Размер шрифта
-
+

Записки члена Государственной думы. Воспоминания. 1905-1928 - стр. 22

Я не стану подробно описывать всего хода выборов в третью Государственную думу: опять пришлось вступить в соглашение с депутатом от крестьян Лукашиным[169]. Мы провели в Думу Лукашина, который числился октябристом, а Лукашин со своими друзьями поддержал нас: меня, князя Волконского, Леонова[170] и Сафонова[171].

Среди землевладельцев не было сплоченности и единодушия, ибо в их среде были и кадеты; были кадеты, хотя и плохонькие, и у нас в Рязани; и вот против них-то и приходилось вступать в коалицию с крестьянскими депутатами.

Лукашин первое время в Думе был очень мне признателен, и даже места мы с ним заняли рядом. Однако постепенно под влиянием трудовиков, укорявших его в близости к «господам», он как-то отдалился; но все же дальше прогрессистов он не пошел; лично со мной сохранил хорошие отношения на пять лет.
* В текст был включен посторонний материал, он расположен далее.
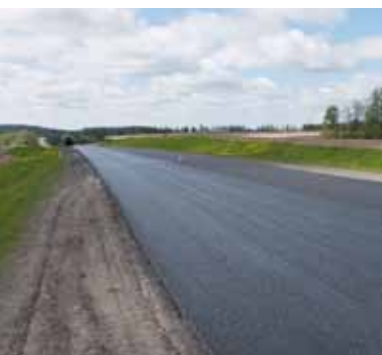
Bituminous emulsion spread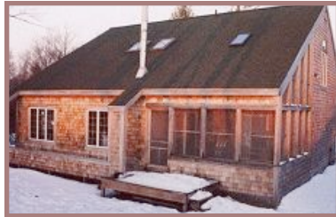
Quiet Place Ministries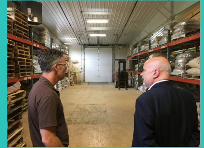
Rep. Mark Pocan tours Just Coffee Cooperative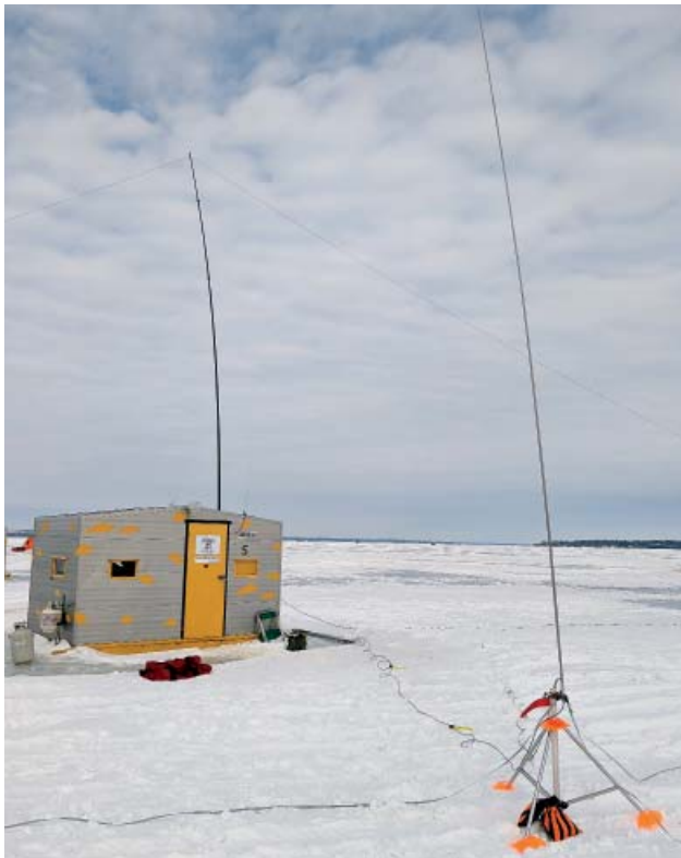
Figure 10 — The Chameleon Antenna MPAS 2.0 attached to an ice hut installation.

This allows the antenna to be attached to a backpack. Just thread the antenna through the MOLLE straps. I have also deployed this on Alice and Icom backpacks in stationary mode (being careful of power lines), or you can simply have the backpack on a picnic table. I have tried this with a CB mirror mount on a Pelican go-box for a simple setup. See Figure 11 for a sloper setup.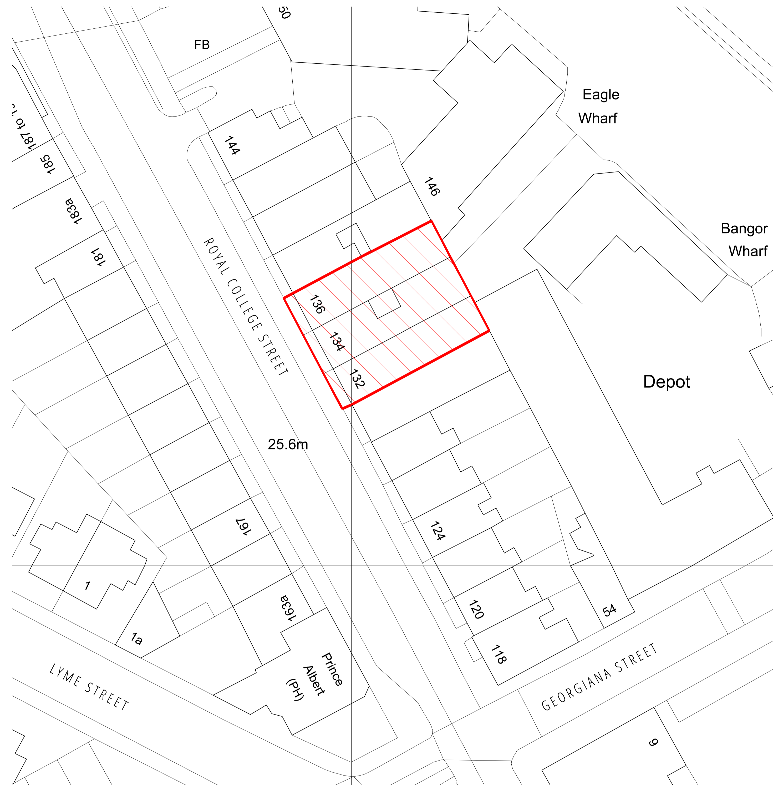
2 Site Block Plan 1:500

NOTES: 1. THIS DRAWING IS COPYRIGHT AND MUST NOT BE REPRODUCED IN WHOLE OR IN PART WITHOUT WRITTEN PERMISSION OF G&A DESIGN. 2. THIS DRAWING REPRESENTS DESIGN INTENT AND CONCEPT ONLY. HENCE IT CAN BE SCALED FOR PLANNING PURPOSES ONLY. 3. THIS DOCUMENT AND ALL ASSOCIATED DOCUMENTS ARE PREPARED FOR SPECIFIC SITE AND EVENT, AND INCORPORATE CALCULATIONS AND MEASUREMENTS AVAILABLE FROM THE CLIENT AT THE TIME OF DRAFTING. 4. THE RECIPIENT AGREES TO PROTECT THE CONTENTS FROM DISTRIBUTION AND DISSEMINATION EXCEPT AS REQUIRED FOR THE SPECIFIC EVENT NAMED, WITHOUT THE WRITTEN PERMISSION OF THE DESIGNER. 5. USE OF THIS DESIGN IS GRANTED TO THE CLIENT FOR THE SPECIFIC AND NAMED EVENT ONLY. COPYRIGHT © 2019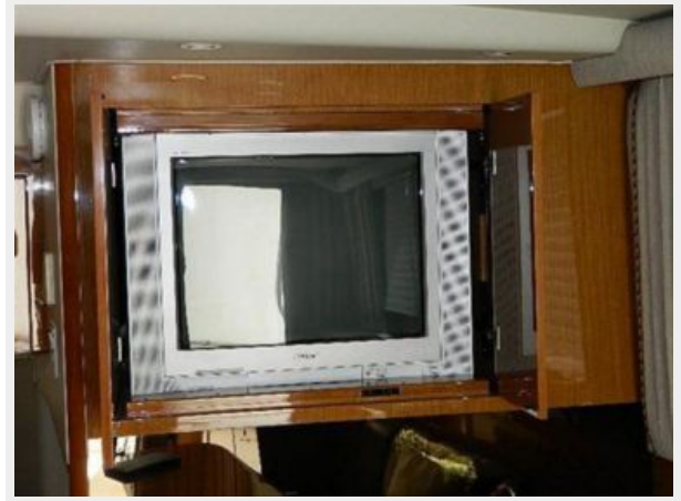
Salon 4 - TV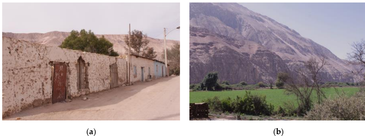
Figure 3. Molinos Town: (a) Some houses; (b) Alfalfa crops.

population of residents in all towns from Molinos to Vilacollo (the last inhabited place) does not exceed 20 people. Despite this depopulation, its current inhabitants still carry out agriculture with traditional canalization, irrigation, and soil management practices. The indigenous communities of this section of the valley are Challallapo Indigenous Community (which incorporates Sora); Chapisca Indigenous Community; Junta de Vecinos and Aguas de Molinos Community; Inti Marka Indigenous Community of Molinos. The most active of these four organizations is the "Junta de Vecinos de Molinos", mainly because more people reside there. Concerning Molinos, the Neighborhood Council and the Indigenous Community are composed of practically the same people, but they meet for different purposes. The former is concerned with aspects related to the village organization, and the latter is oriented towards the application of competitive projects in pursuit of productive benefits.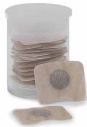
AC Nose Strip Refill Pack RRP $21.95 7104921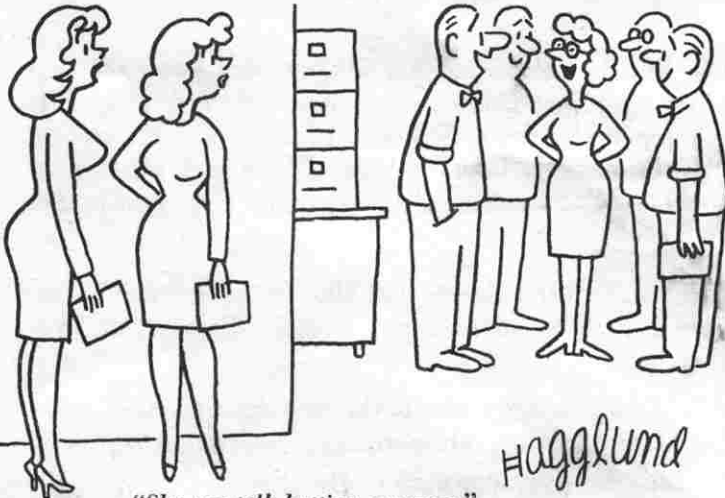
"She can talk batting averages."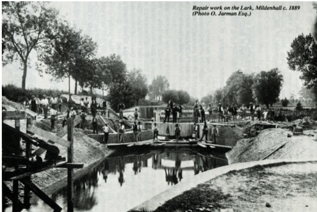
Repair work on the Lark, Mildenhall c. 1889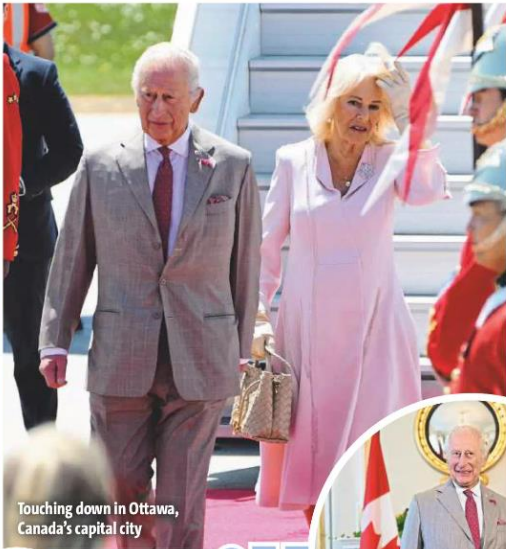
Touching down in Ottawa, Canada's capital city

Теперь, в третьей Думе, решающее значение приобрела уже партия октябристов, самая многочисленная; но все же абсолютного большинства октябристы не имели, и им при голосовании приходилось вступать в блоки то с националистами, то с прогрессистами и даже левыми. Чаще всего, конечно, голосовали с националистами, которыми руководили граф Бобринский[172], Шульгин[173] и Балашов[174]. Впрочем, Балашов был нужен им как денежный мешок; иного влияния по своему характеру он иметь не мог.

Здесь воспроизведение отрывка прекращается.